[slurm-users] Running pyMPI on several nodes

Pär Lundö par.lundo at foi.se
Fri Jul 12 06:04:21 UTC 2019

Hi there Slurm-experts!
I am  trouble using or running a python-mpi program involving more than one node. The pythom-mpi program is very simple, it only lists the number of ranks that is available in its environment. I have a munge-daemon running prior to starting the slurm-service and the program works when using a single node (so I suppose munge is working).
In addition, I have tested to run a simple sbatch-script where each available node (four nodes) states its hostname and returns.
Since authentication with Slurm is used via munge, do I need a passwordless SSH communication between the slurmctl and the nodes? (I found a guide,probably outdated stating that passwordless SSH communication is a neccessity for slurm, HTTP://admin-magazine.com/HPC/Articles/Resource-Management-with-Slurm).

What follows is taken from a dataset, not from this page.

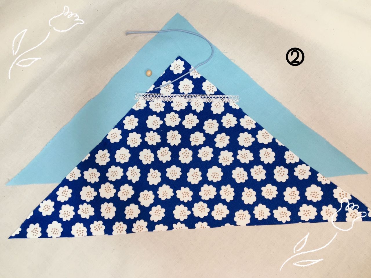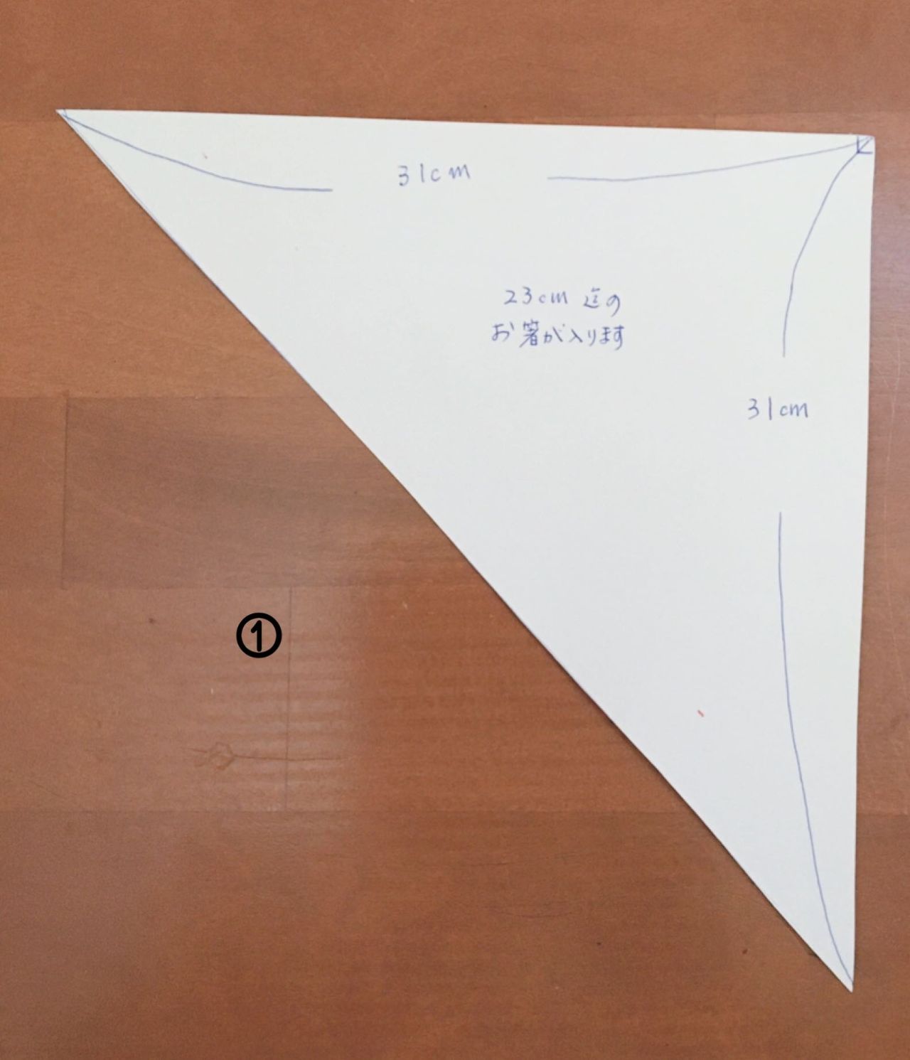 ①表生地、裏生地共に31cmの二等辺三角形の形にカットします。

I run the python-mpi program via a sbatch-script,invoking a srun-command. Each node has 8 CPUs.
The srun-command is :
”srun -N2 -n8 python3 python-mpi.py” ,
when tested on two nodes.
It works fine running on a single node(with ”-N1” instead of ”-N2”), but it is aborted or stopped when running on two nodes.
Should I have ”-n16” when running on two nodes? (In order to allocate the complete number of CPUs available of the two nodes.)
Slurm is configured and built with pmix.
I am running Slurm 19.05 on Ubuntu 18.04 as server and the nodes are running same slurm-version on Ubuntu 18.10.

Best rehards,